▸ **Assignment**:
Each record must be copied in full and unchanged; any image it holds is excluded.

▸ **Provided data**:
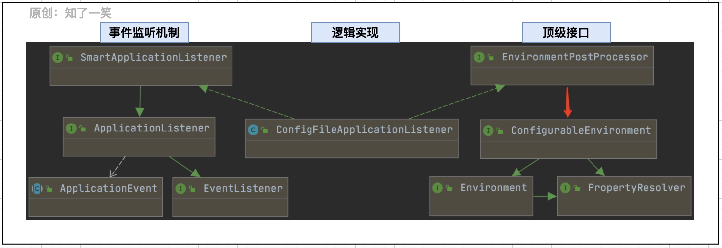 从源码的结构图来看,配置文件的加载逻辑也是采用事件模型实现的,这在前面任务管理中有详细的描述;配置的核心作用就是在程序启动时进行加载引导,这里关键要理解EnvironmentPostProcessor的接口设计;
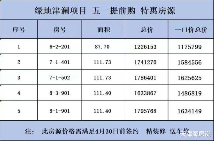 【津南辛庄】绿地津澜,洋房推出5套特惠房。
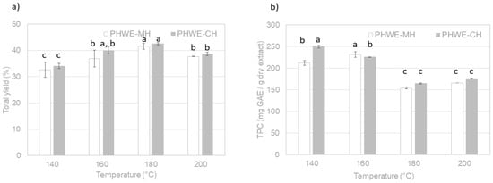 Influence of temperature on (a) soluble solids extraction yield (%) and (b) total phenolic content (mg GAE/g dry extract) during PHWE-MH and PHWE-CH of A. chilensis leaves. Letters above the graph bars indicate significantly different values (95% confidence, p < 0.05).
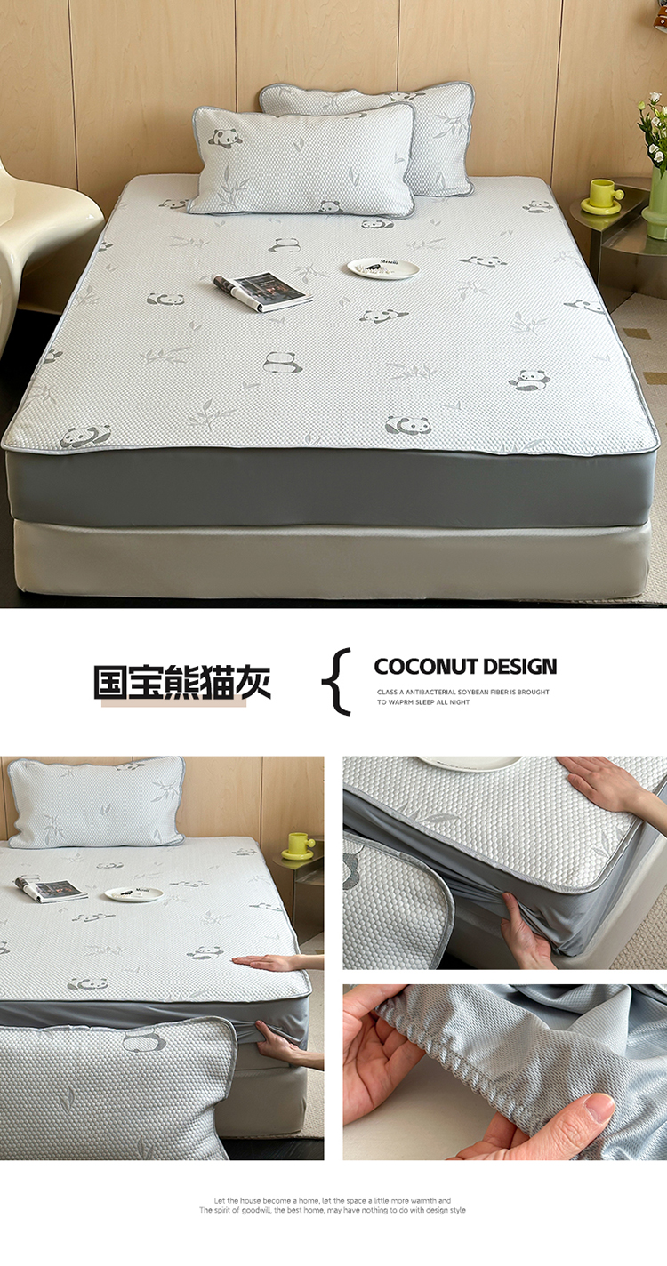 顾里家纺 新款冰豆豆立体提花软席床笠款 国宝熊猫灰
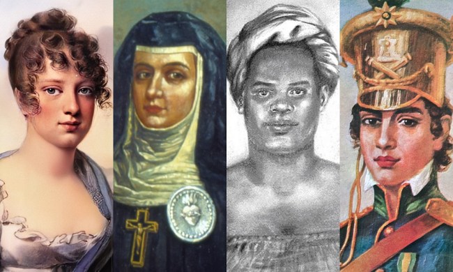 Ou seja, 1822 é apenas o ano de partida para uma série de bicentenários que ainda estão para serem comemorados. No caso da Bahia, o símbolo escolhido como representativo da independência não foi a figura do Imperador Cavaleiro ou do Patriarca José Bonifácio, e sim o caboclo e a cabocla, que simbolizam a mestiçagem do povo baiano e a adesão das camadas populares nas lutas de 1822 e 1823. Foi nesse contexto que se destacaram as figuras de três mulheres que, assim como muitas, tiveram participação ativa nos conflitos contra as tropas inimigas do general Madeira: Sóror Joana Angélica, Maria Quitéria e Maria Felipa de Oliveira. A primeira, assassinada às portas do Convento da Lapa em 19 de janeiro de 1822 (dez dias depois de D. Pedro tornar pública sua decisão de permanecer no Brasil), foi reconhecida posteriormente como a primeira mártir da emancipação que viria naquele mesmo ano. Já Maria Quitéria, ou Soldado Medeiros (como era conhecida pelas tropas baianas), se travestiu de homem para poder lutar e mesmo depois de ter sua identidade revelada permaneceu no conflito junto aos outros combatentes. Quanto à Maria Felipa, a maioria dos registros parece concordar que ela era uma escravizada na Ilha de Itaparica que exercia o ofício de marisqueira.
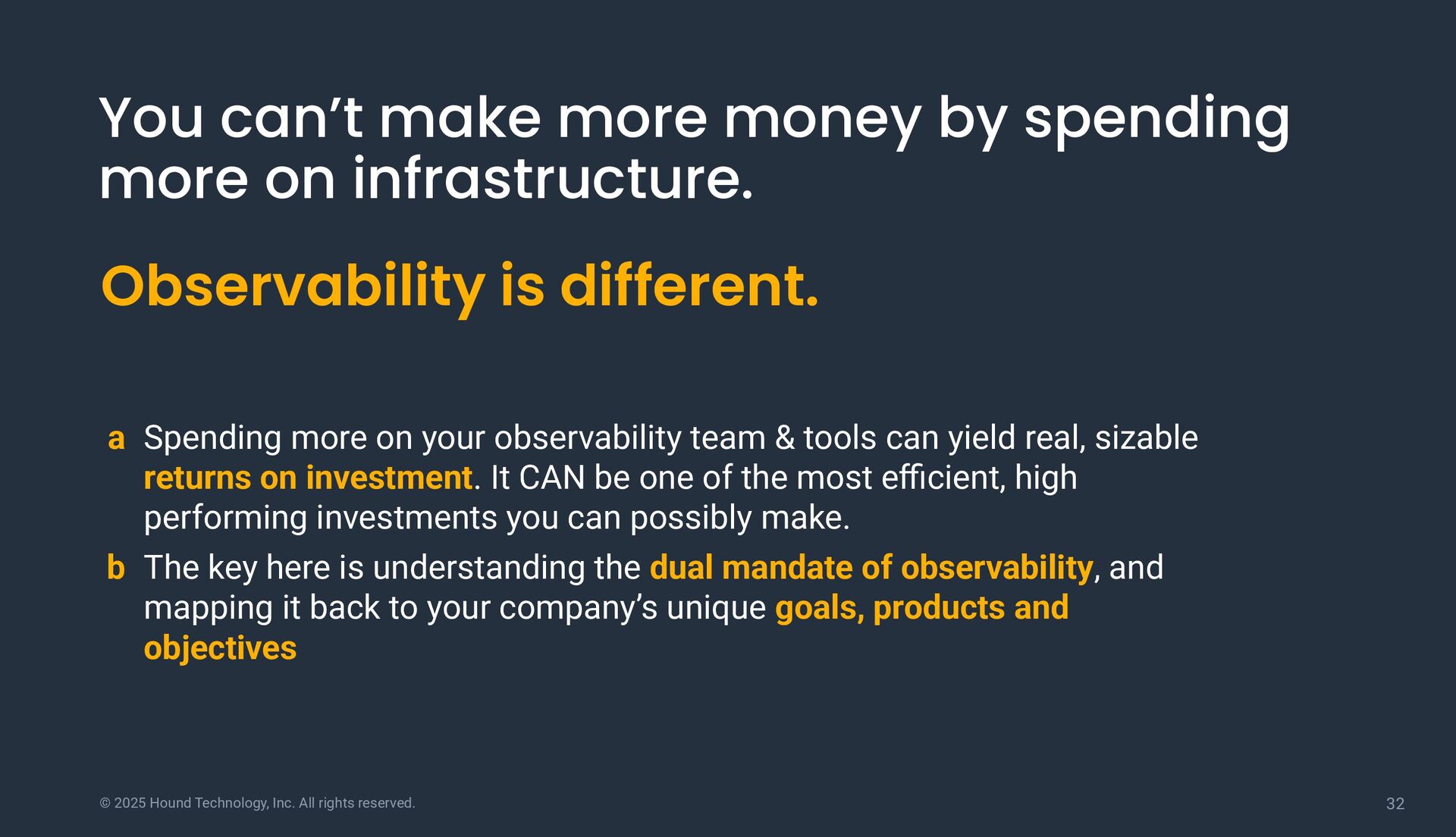 can’t make more money by spending more on infrastructure. Observability is different. a Spending more on your observability team & tools can yield real, sizable returns on investment. It CAN be one of the most efficient, high performing investments you can possibly make. b The key here is understanding the dual mandate of observability, and mapping it back to your company’s unique goals, products and objectives

▸ **Expected answer**:
 从源码的结构图来看,配置文件的加载逻辑也是采用事件模型实现的,这在前面任务管理中有详细的描述;配置的核心作用就是在程序启动时进行加载引导,这里关键要理解EnvironmentPostProcessor的接口设计;
 【津南辛庄】绿地津澜,洋房推出5套特惠房。
 Influence of temperature on (a) soluble solids extraction yield (%) and (b) total phenolic content (mg GAE/g dry extract) during PHWE-MH and PHWE-CH of A. chilensis leaves. Letters above the graph bars indicate significantly different values (95% confidence, p < 0.05).
 顾里家纺 新款冰豆豆立体提花软席床笠款 国宝熊猫灰
 Ou seja, 1822 é apenas o ano de partida para uma série de bicentenários que ainda estão para serem comemorados. No caso da Bahia, o símbolo escolhido como representativo da independência não foi a figura do Imperador Cavaleiro ou do Patriarca José Bonifácio, e sim o caboclo e a cabocla, que simbolizam a mestiçagem do povo baiano e a adesão das camadas populares nas lutas de 1822 e 1823. Foi nesse contexto que se destacaram as figuras de três mulheres que, assim como muitas, tiveram participação ativa nos conflitos contra as tropas inimigas do general Madeira: Sóror Joana Angélica, Maria Quitéria e Maria Felipa de Oliveira. A primeira, assassinada às portas do Convento da Lapa em 19 de janeiro de 1822 (dez dias depois de D. Pedro tornar pública sua decisão de permanecer no Brasil), foi reconhecida posteriormente como a primeira mártir da emancipação que viria naquele mesmo ano. Já Maria Quitéria, ou Soldado Medeiros (como era conhecida pelas tropas baianas), se travestiu de homem para poder lutar e mesmo depois de ter sua identidade revelada permaneceu no conflito junto aos outros combatentes. Quanto à Maria Felipa, a maioria dos registros parece concordar que ela era uma escravizada na Ilha de Itaparica que exercia o ofício de marisqueira.
 can’t make more money by spending more on infrastructure. Observability is different. a Spending more on your observability team & tools can yield real, sizable returns on investment. It CAN be one of the most efficient, high performing investments you can possibly make. b The key here is understanding the dual mandate of observability, and mapping it back to your company’s unique goals, products and objectives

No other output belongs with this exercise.